Ref.: ["Linear Attention Mechanism: An Efficient Attention for Semantic Segmentation"](https://arxiv.org/abs/2007.14902)

$$\hat{A}(Q,K,V)=\frac{V^\top.\mathbb{1}_N + Q^\prime \left({K^\prime}^\top V\right)}{N+Q^\prime \left({K^\prime}^\top .\mathcal{1}_N\right)}$$

$\text{where }\ $  
* $Q^\prime = \frac{Q}{\|Q\|_2}$  
* $K^\prime = \frac{Q}{\|K\|_2}$

## Method 4: Linformer's Attention $\mathcal{O}(N)$

Ref.: ["Linformer: Self-Attention with Linear Complexity"](https://arxiv.org/abs/2006.04768)
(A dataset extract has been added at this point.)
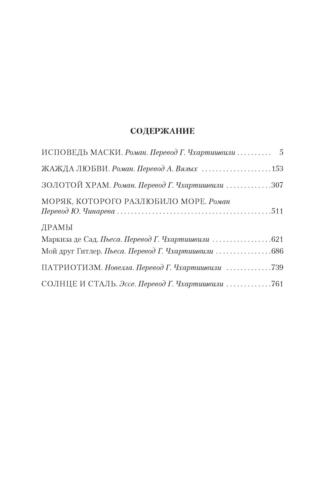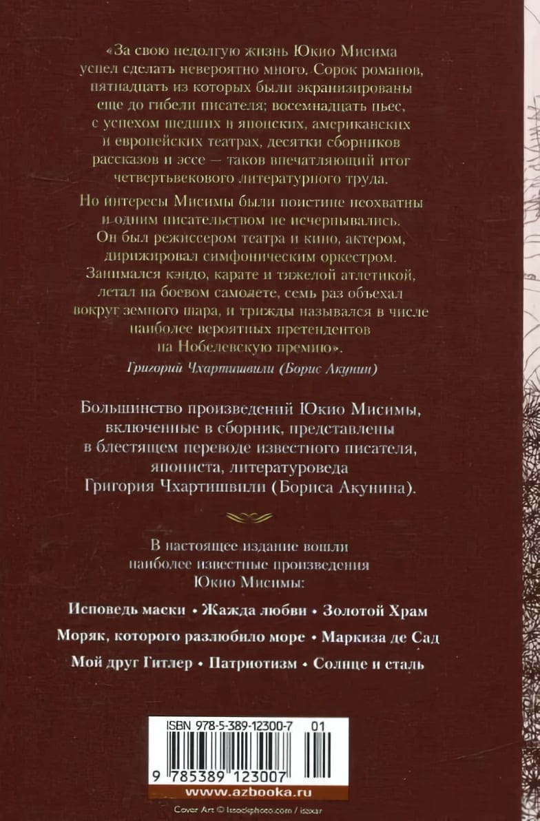 Jukio Mišima ir slavenākais un visplašāk lasītais japāņu rakstnieks pasaulē. Viņš ir pazīstams gan ar saviem darbiem visos iedomājamajos žanros (romāni, lugas, īsie stāsti, esejas), gan ar savu ekstravaganto dzīves un nāves stilu (viņa hara-kiri pēc neveiksmīga apvērsuma mēģinājuma). Šajā izdevumā iekļauti viņa slavenākie romāni: "Maskas atzīšanās", "Ilgas pēc mīlestības", "Zelta templis", "Jūrnieks, kuru jūra pārstāja mīlēt", divas lugas - "Marķīze de Sada" un "Mans draugs Hitlers", eseja "Saule un tērauds" un slavenā novele "Patriotisms", kas, pēc Mišimas teiktā, ir "stāsts par patiesu laimi".

$\text{Low-rank approximation: projection matrices }E,F\in \mathbb{R}^{r\times N}$

$\longrightarrow EK \in \mathbb{R}^{r\times d_k}$  
$\longrightarrow FV \in \mathbb{R}^{r\times d_v}$

$\text{Context-mapping matrix P: }\ \ P=\text{Softmax}\left(\frac{Q(EK)^\top}{\sqrt{d_k}}\right)$


$$\hat{A}(Q,EK,EV)=\text{Softmax}\left(\frac{Q(EK)^\top}{\sqrt{d_k}}\right)EV$$